Youngtimer – Citroën Méhari (1968-1987)

Parmi les voitures tout-chemin dérivées de modèles de série, la Méhari dont le châssis était emprunté à la Dyane 6 (d’où son nom de série : Dyane 6 Méhari 2-+2) fut sûrement la plus célèbre. Son nom évoque les “Maharis”, nom arabe qui signifie dromadaire. La Méhari, c’est d’abord Roland Paulze d’Ivoy de La Poype, industriel pionnier de la plasturgie et fondateur du Marineland d’Antibes en 1970. Professionnel du plastique, il rêve de l’appliquer dans tous les domaines, et s’intéresse à l’automobile. Vers 1967, il a l’idée de créer un kit de carrosserie en plastique en prenant pour base le châssis d’une Renault 4L. Finalement, un an plus tard, il partira de la plateforme et du moteur d’une 2CV Citroën fourgonnette. Le lancement de la Méhari le 11 mai 1968 en grande pompe sur le golf de Deauville passa inaperçu en raison des événements de Mai 68.

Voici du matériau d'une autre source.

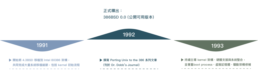 當時 Unix 主要存在於工作站與大型主機,而 Intel 386 PC 正快速普及。William Jolitz 和 Lynne Jolitz 做出大膽的嘗試:他們將 4.3BSD 移植到 Intel 386 架構,並以 386BSD 發布。
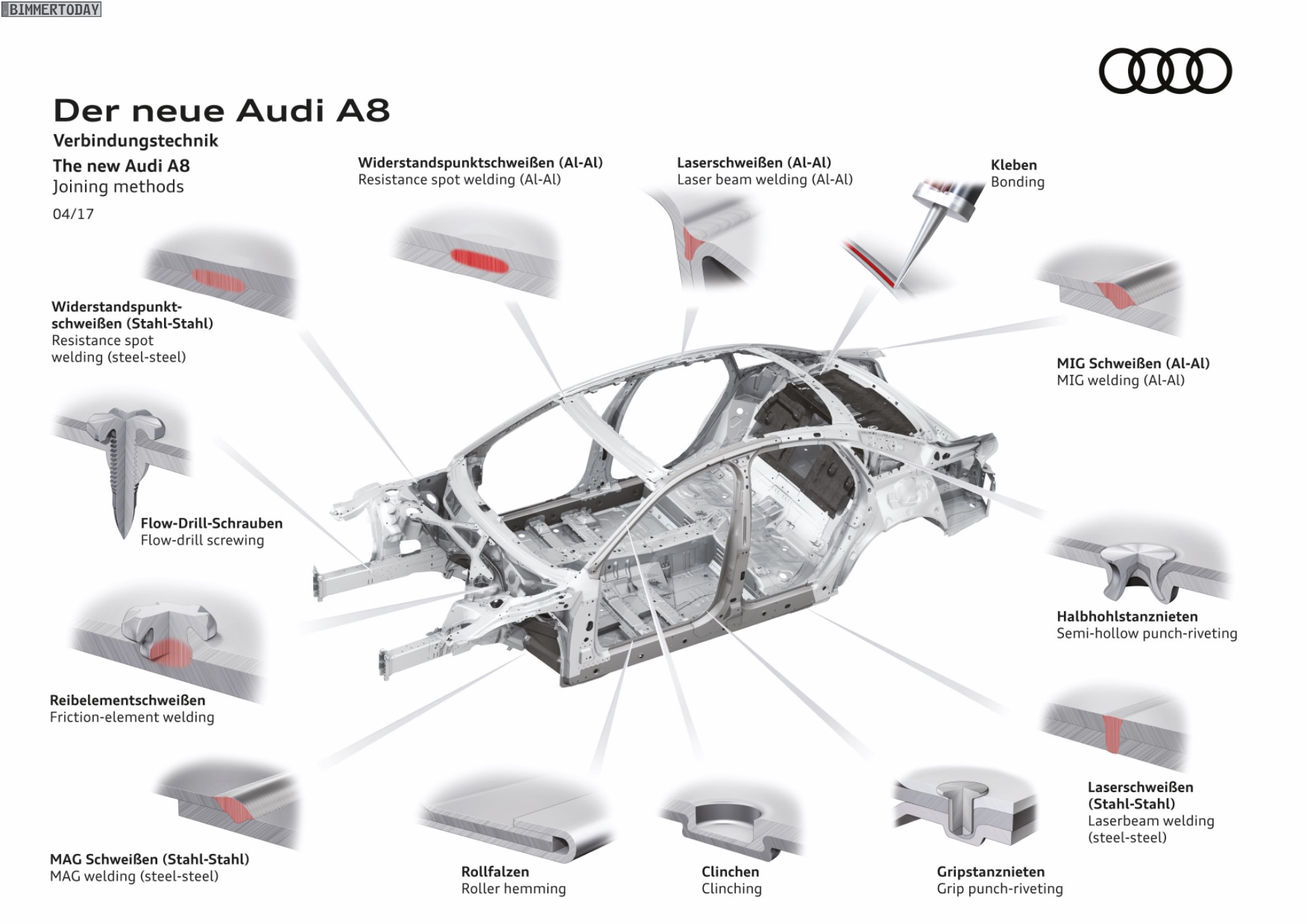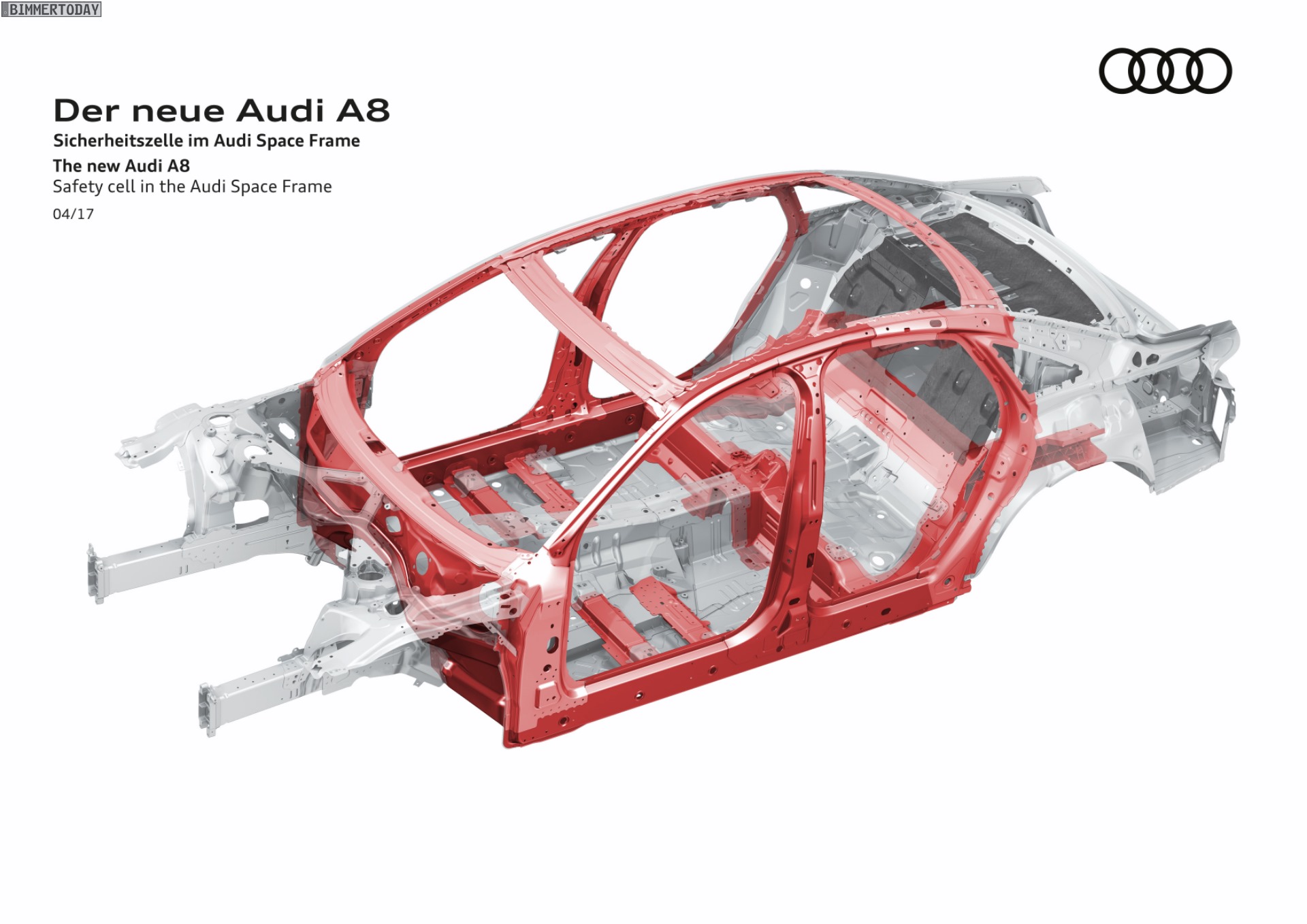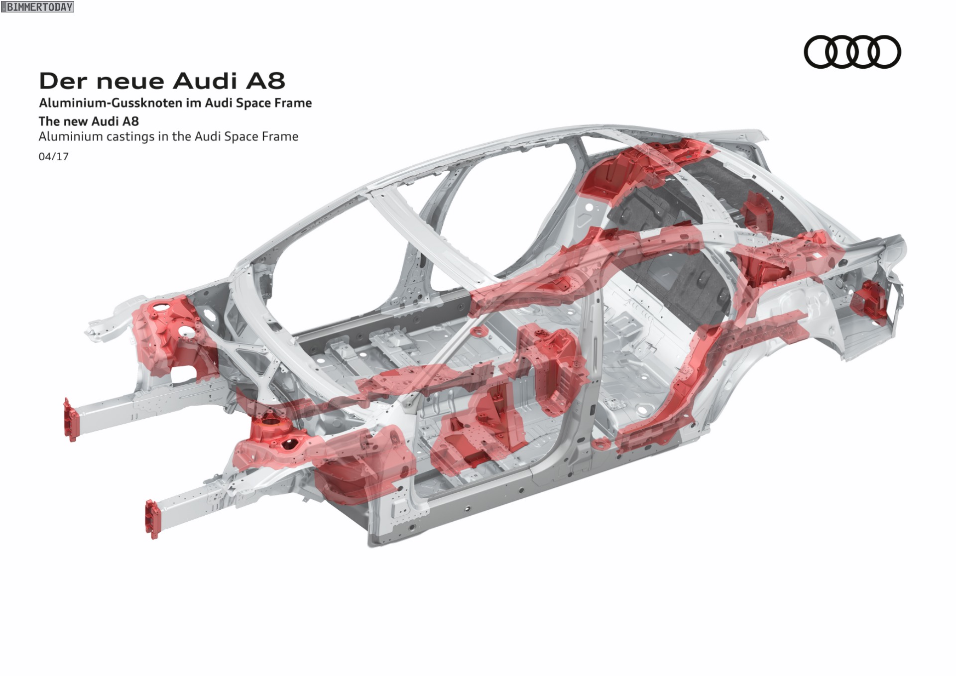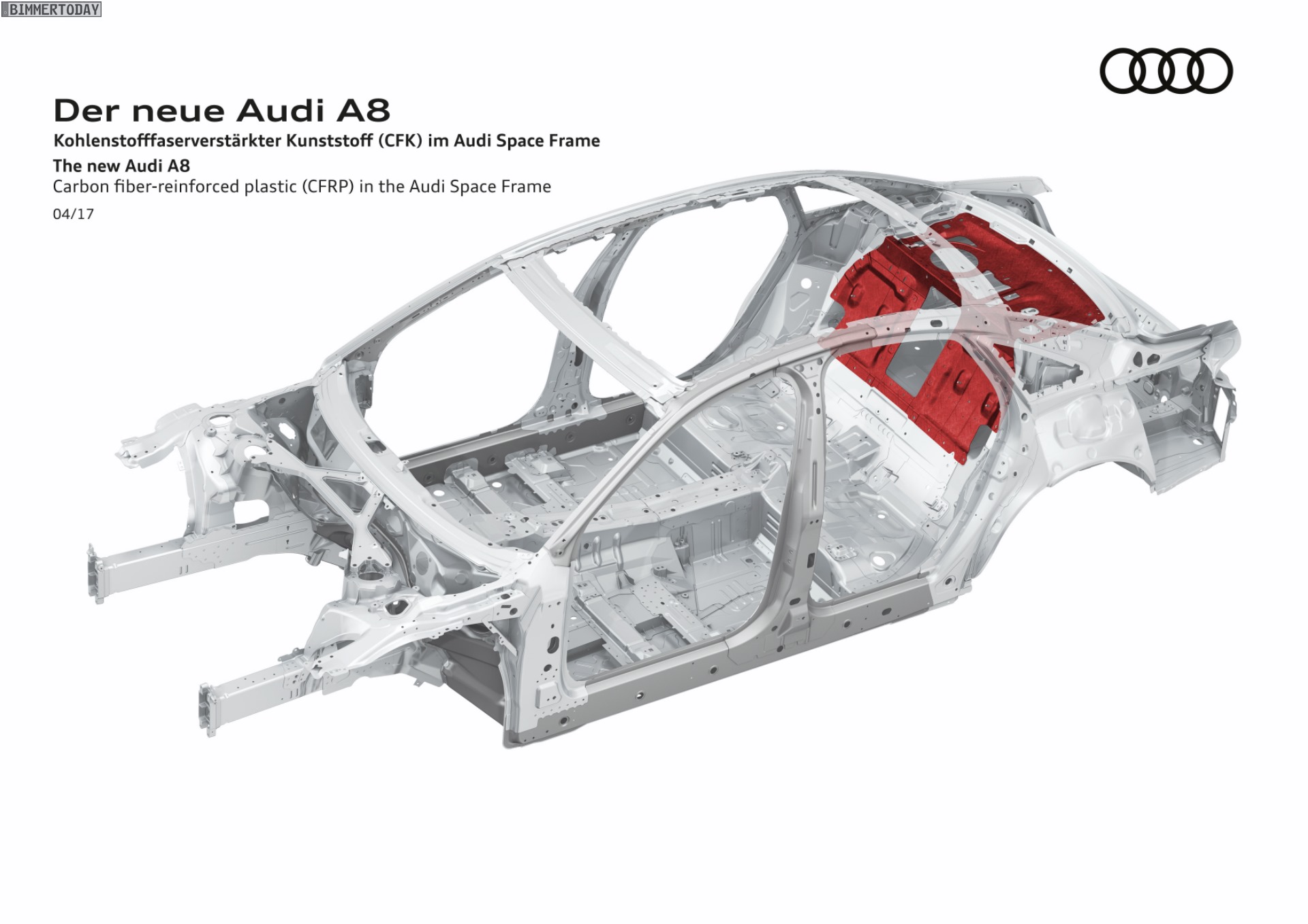 Bis vor wenigen Jahren schien sich die Gewichtsspirale unaufhörlich in die gleiche Richtung zu drehen: Autos wurden immer größer und gleichzeitig immer schwerer. Inzwischen gibt es – auch dank BMW – einige Beispiele dafür, dass Autos auch bei größeren Abmessungen signifikant leichter werden können. Hierbei hilft die intelligente Kombination von höchstfesten Stählen, Aluminium und vergleichsweise jungen Werkstoffen wie Carbon. Auch der Audi A8 2017 gewährt nun einen ersten Blick unter seine Außenhaut, denn lange vor der Premiere auf der IAA verraten die Ingolstädter erste Details zur Karosserie ihrer Luxuslimousine.
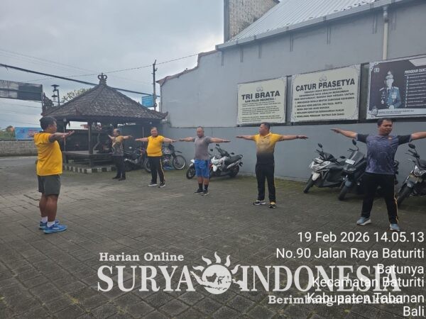 Tabanan , Surya Indonesia.net – Polsek Baturiti, Jumat 20 Februari 2026, melaksanakan kegiatan Gerakan Sehat untuk Produktif (GESIT) pada Kamis, 19 Februari 2026 pukul 14.00 s.d. 15.10 Wita bertempat di Jalan Raya Banjar Baturiti Kaja, Desa Baturiti, Kecamatan Baturiti. Kegiatan tersebut dipimpin langsung oleh Kapolsek Baturiti Kompol Nyoman Darsana, S.H. sebagai bentuk pembinaan fisik guna menjaga kebugaran dan kesiapsiagaan personel dalam pelaksanaan tugas sehari-hari.
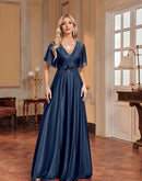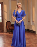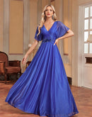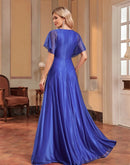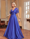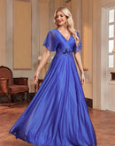 BluePlum Elegant Royal Shining Applique V-neck Formal Evening Dress 2024 Women Short Sleeves Mermaid Wedding Party Long Dresses | Blue Plum
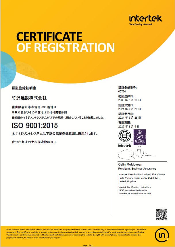 認証登録範囲 :官公庁発注の土木構造物の施工
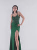 Rafenild | Green V Neck Beading Satin Long Slit Prom Dresses
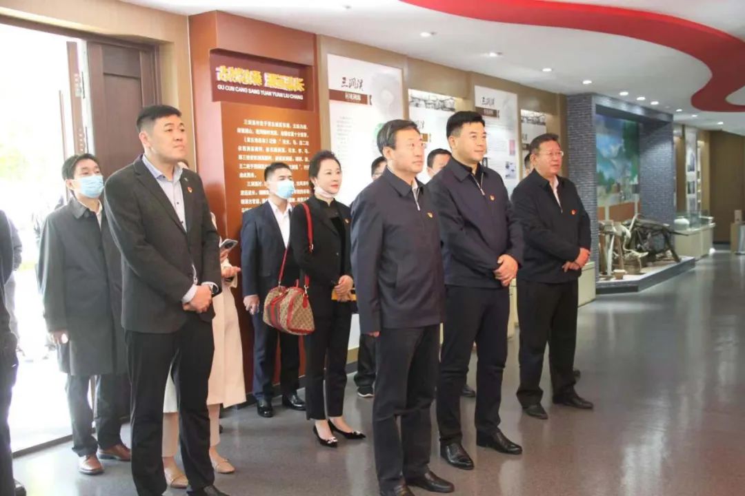 張鯤一行首先來到雙山街道三澗溪村,先后參觀黨群服務中心、農事匯和鄉村振興館,重溫習近平總書記來三澗溪村考察時的情景,了解該村以黨建為引領,通過抓班子帶隊伍、抓產業謀發展、抓環境優生態、抓人才強服務、抓文化促和諧,實現村莊由亂到治、富民強村的發展歷程。張鯤對三澗溪村黨建引領鄉村振興的經驗做法給予高度評價,他表示,要緊緊抓住黨建引領這個“牛鼻子”,進一步夯實商會黨組織基礎,發揮好思想政治引領作用,始終把準正確的發展方向,不斷增強企業的向心力和凝聚力,更好地服務經濟社會發展。隨后,參加活動的黨員同志重溫入黨誓詞。
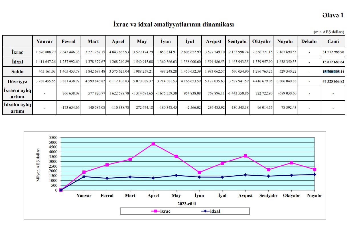 Müqayisə üçün qeyd edək ki, 2023-cü ilin 11 ayı ərzində ticarət əməliyyatlarının cəmi həcmi 47 milyard 325 milyon 670 min ABŞ dolları, o cümlədən ixrac 31 milyard 512 milyon 989 min ABŞ dolları, idxal 15 milyard 812 milyon 681 min ABŞ dolları, saldo müsbət 15 milyard 700 milyon 308 min ABŞ dolları olmuşdu.
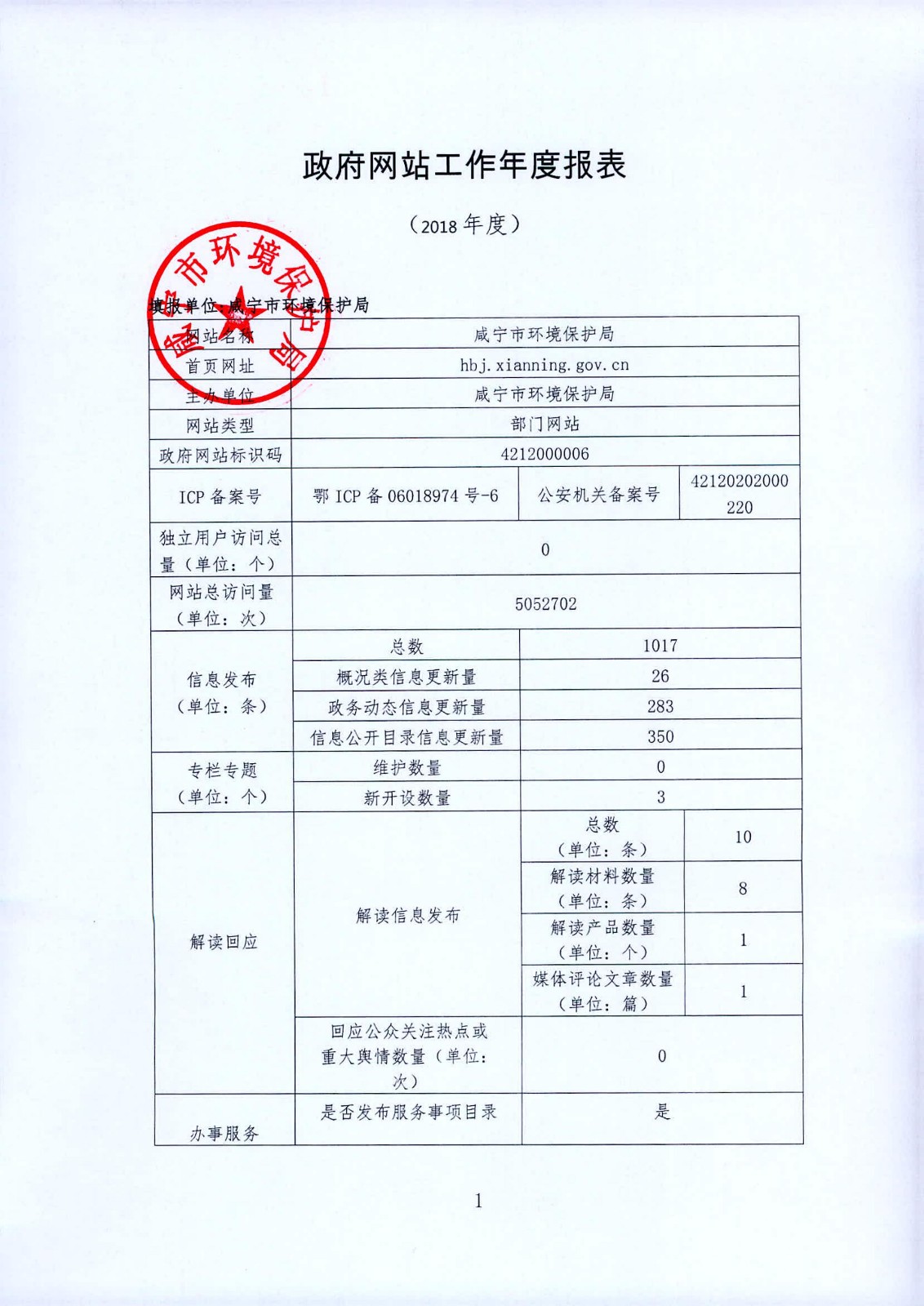 名 称: 政府网站工作年度报表(2018年度) 发布日期: 2019年01月28日
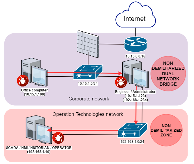 The diagram below shows a scenario in which WannaCry malware penetrates from the corporate network to the industrial network via the workstation of the industrial automation system’s engineer/administrator, which is connected both to the corporate network and the industrial (Operation Technologies) network using two network adaptors.

La Méhari est une voiture pour les loisirs, le plein-air et les balades en famille. En rabattant la banquette arrière (optionnelle), elle se transforme en une deux-places pour un usage utilitaire. Le modèle quatre-places coûtait environ 5 à 10 % de plus, comme les versions avec installation électrique 24 volts ou quatre roues motrices proposées plus tard. La Méhari à deux places se plaçait en concurrente de certaines petites fourgonnettes.

La Citroën Méhari est basée sur le châssis plate-forme de la Dyane et est équipée du moteur Citroën de 602 cm3 qui équipait à sa sortie la Dyane 6 et la 2cv fourgonnette. Les pièces composant la voiture, à part la carrosserie et la bâche, proviennent pour l’essentiel d’autres modèles de la marque : volant de 2 CV, roues, phares, essuie-glace, frein à main de Dyane, feux arrière de fourgon Type H. La suspension est à ressorts longitudinaux sous caisse, amortisseurs à friction et batteurs à inertie les premières années, puis avec amortisseurs télescopiques.

La carrosserie en ABS emboutie à chaud et teintée dans la masse, peut reprendre sa forme initiale après un léger choc et les rayures restent discrètes. Elle est soutenue par deux cadres métalliques en treillis tubulaires boulonnés à la plate-forme, un pour la partie avant et un second pour la partie arrière.

La première série 1968-1969 ne sera fabriquée qu’une seule année. En effet, pour les modèles 1970, la carrosserie est légèrement modifiée. Les clignoteurs arrière latéraux type 2 CV sont supprimés et remplacés par des feux Type H reportés sur la face arrière. En 1979, un combiné à deux cadrans issu de la Citroën LN prend place sur la planche de bord et la puissance du moteur passe de 26 ch DIN à 29 ch DIN grâce à un carburateur double-corps. En 1979, apparaît la Méhari 4 × 4 qui, à l’origine, est produite pour l’armée qui va d’ailleurs en acquérir une centaine d’exemplaires au départ. Pour 1986, la gamme incorpore la Méhari Azur à la carrosserie blanche et bleue. Après s’être élevé à 144.953 exemplaires, la production de Méhari s’arrêta en 1987.

Caractéristiques Techniques : 

Moteur : Citroën bicylindre à plat refroidi par air ; Position du moteur Longitudinale avant.
Cylindrée : 602 cm3.
Puissance :  29 ch DIN à 5750 tr/min.
Transmission : Traction AV.
Boîte de vitesses : Manuelle à 4 rapports.
Poids et performances : Poids à vide 570 kg / 4 × 4 : 715 kg ; Vitesse maximale 100 km/h ; Accélération 0 à 100 km/h en 44 s.
Châssis – Carrosserie : Carrosserie(s) Pick-up avec pare-brise rabattable
Dimensions : Longueur : 3520 mm ; Largeur : 1530 mm ; Hauteur :  1640 mm ; Empattement :  2370 mm.

Prix du modèle neuf en 1970 : Dyane 6 Méhari 2-+2 : 8980 Francs soit 11.166  Euros avec 715% d’inflation cumulée sur la période.

Prix occasion : à partir de 12.000 Euros.